Hasil penelitian menunjukkan bahwa komunikasi kebijakan OSS RBA masih bersifat satu arah dan belum menyentuh seluruh pelaku UMKM. Selain itu, keterbatasan sumber daya manusia, infrastruktur teknologi, dan anggaran menjadi hambatan dalam optimalisasi layanan. Meski demikian, dari sisi sikap birokrasi, pelayanan yang diberikan dinilai sudah cukup baik dengan pendekatan yang ramah, responsif, dan empatik.
Grace juga menekankan pentingnya reformulasi struktur pelayanan perizinan yang selama ini masih terpusat di Dinas Penanaman Modal dan Pelayanan Terpadu Satu Pintu (DPM-PTSP). Menurutnya, perlu adanya pendekatan kolaboratif dan multisektor dengan melibatkan pemerintah kecamatan dan desa.
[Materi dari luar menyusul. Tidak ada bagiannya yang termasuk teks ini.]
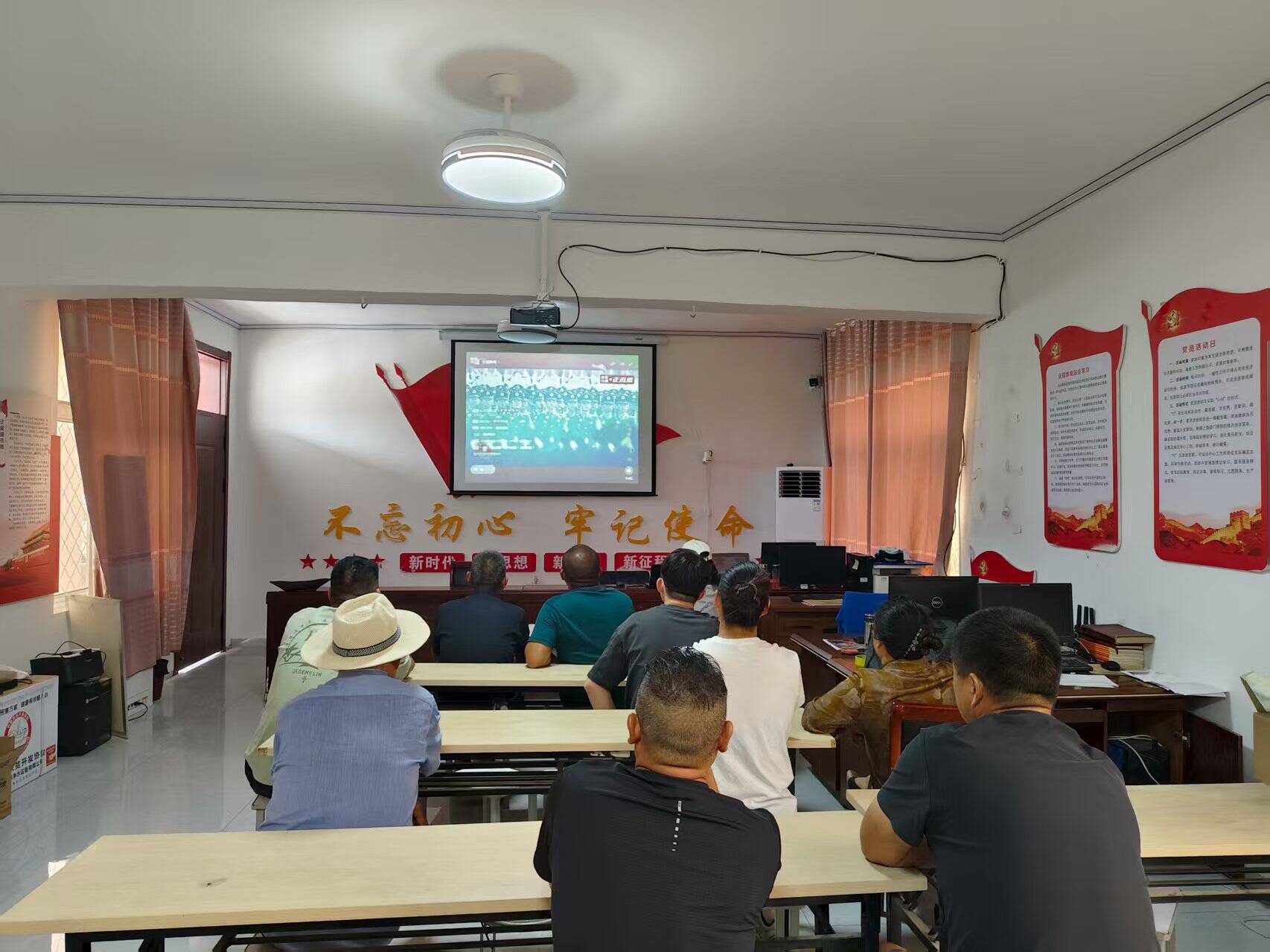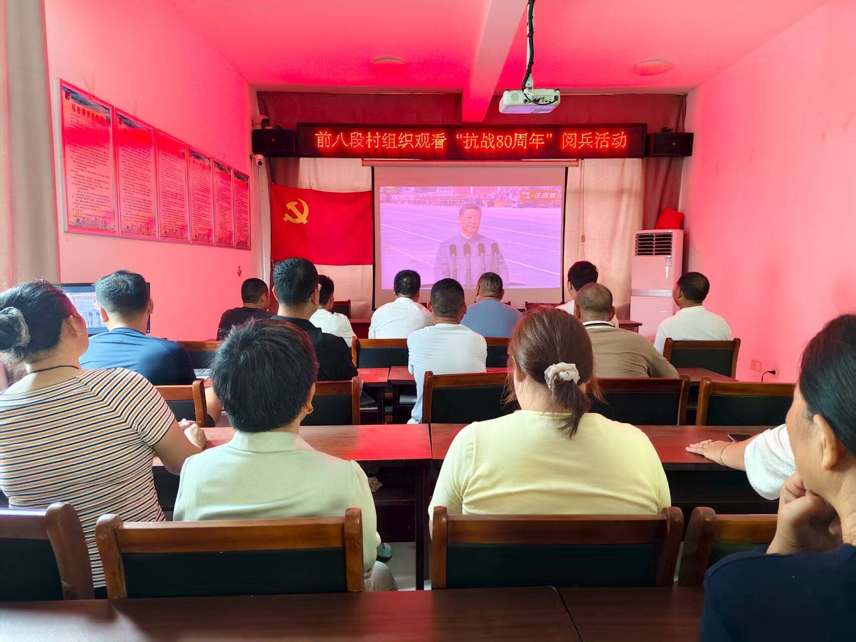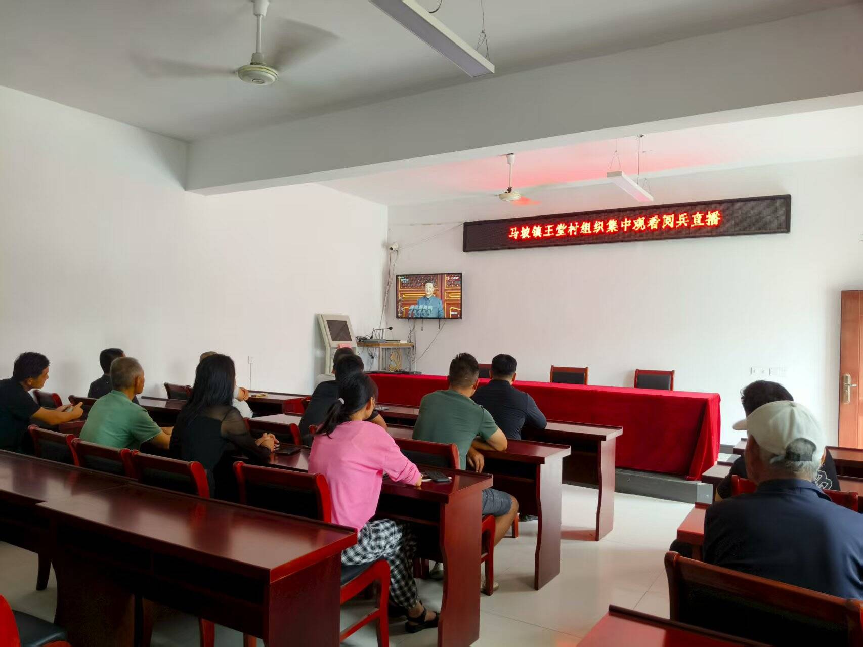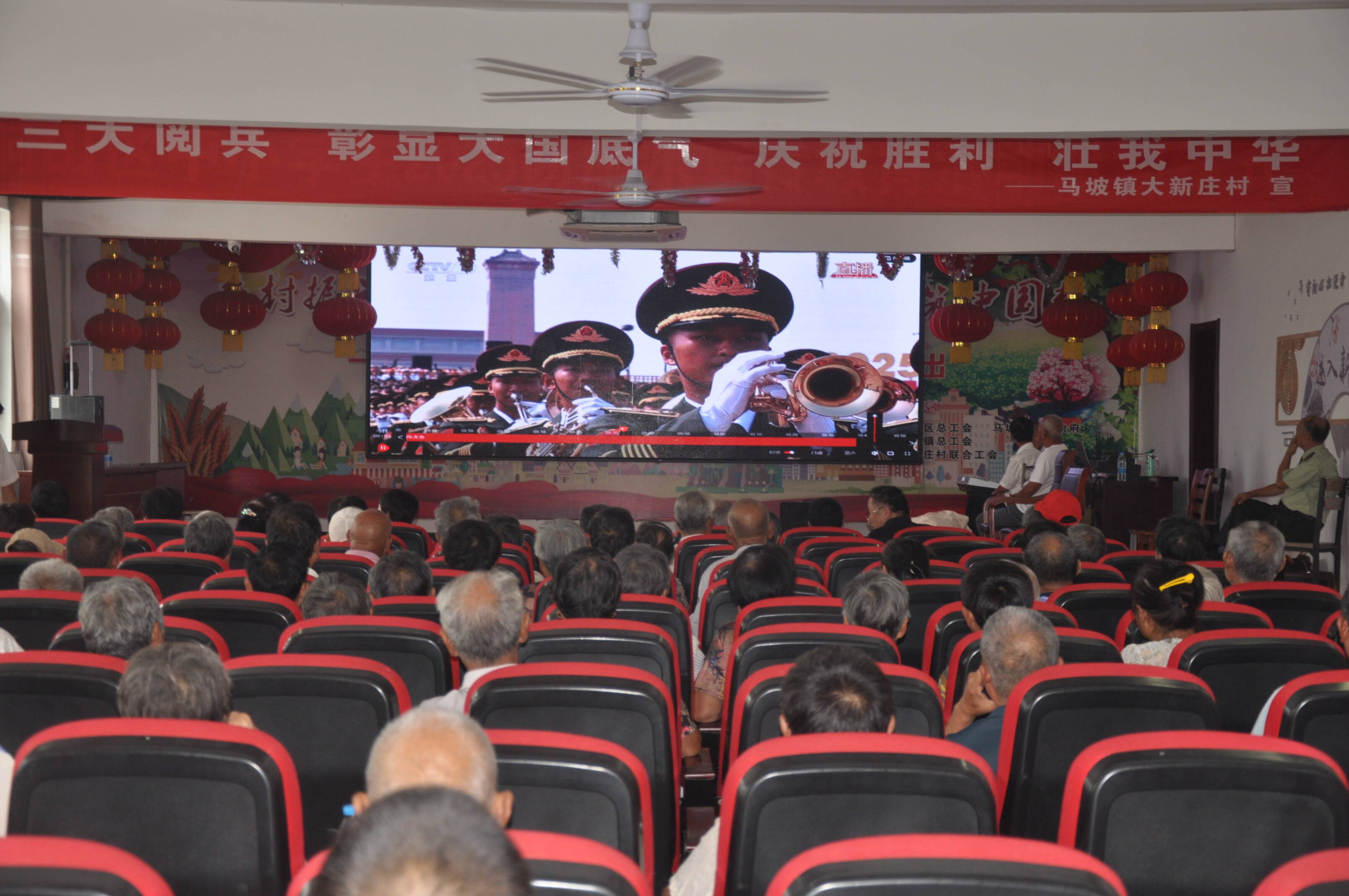 9月3日,纪念中国人民抗日战争暨世界反法西斯战争胜利80周年大会在北京天安门广场隆重举行,中共中央总书记、国家主席、中央军委主席习近平发表重要讲话并检阅受阅部队。马坡镇各村集中观看纪念大会实况直播,共同见证这一庄严时刻。

Sebagai solusi, ia menawarkan model inovatif berupa Simpul GRACE, yakni suatu pendekatan integratif yang menghubungkan berbagai aktor pelayanan, memperkuat pengawasan, serta menggerakkan pelayanan berbasis wilayah. Model ini diharapkan mampu menjawab keterbatasan jangkauan layanan serta meningkatkan efektivitas implementasi OSS RBA di daerah.
“Inovasi ini bukan hanya tentang sistem, tetapi bagaimana pelayanan bisa lebih dekat, mudah diakses, dan benar-benar dirasakan manfaatnya oleh pelaku UMKM,” tambahnya.
Dalam proses akademiknya, penelitian ini diuji oleh tim penguji yang terdiri dari para akademisi terkemuka. Bertindak sebagai Ketua Tim Penguji adalah Prof. Dr. Ir. Mahludin H. Baruwadi, MP, dengan Sekretaris Prof. Dr. Ir. Hasim, M.Si, yang juga menjabat sebagai Wakil Direktur I Program Pascasarjana Universitas Negeri Gorontalo.
Adapun anggota tim penguji meliputi Dr. Yanti Aneta, S.Pd., M.Si selaku Koordinator Program Doktor Administrasi Publik, serta didampingi oleh promotor Prof. Dr. Rauf A. Hatu, M.Si, bersama Co-Promotor I Dr. Moh. Hidayat Koniyo, ST., M.Kom, dan Co-Promotor II Dr. Udin Hamim, S.Pd., M.Si.
Sementara itu, penguji internal terdiri dari Prof. Dr. Asna Aneta, M.Si dan Dr. Yanti Aneta, S.Pd., M.Si, serta penguji eksternal Prof. Dr. Bambang Supriyono, MS, Guru Besar Administrasi Publik Universitas Brawijaya.
Koordinator Program Doktor Administrasi Publik, Dr. Yanti Aneta, S.Pd., M.Si, dalam pernyataannya menyampaikan apresiasi atas kontribusi penelitian yang dihasilkan. Ia menilai bahwa model yang ditawarkan memiliki nilai strategis baik secara akademik maupun praktis.
“Penelitian ini tidak hanya memperkaya khazanah keilmuan administrasi publik, tetapi juga memberikan solusi konkret terhadap permasalahan pelayanan perizinan di daerah. Pendekatan Simpul GRACE yang ditawarkan menjadi inovasi yang relevan dalam memperkuat kolaborasi lintas sektor dan mendekatkan pelayanan kepada masyarakat,” ungkapnya.
Ia juga berharap hasil penelitian ini dapat diimplementasikan secara berkelanjutan oleh pemerintah daerah, serta menjadi rujukan bagi daerah lain dalam mengembangkan sistem pelayanan perizinan yang lebih efektif dan inklusif.
Model yang ditawarkan tersebut diharapkan dapat menjadi rujukan bagi pemerintah daerah dalam meningkatkan kualitas pelayanan publik, khususnya dalam bidang perizinan usaha, sekaligus mendorong pertumbuhan ekonomi daerah melalui peningkatan legalitas UMKM.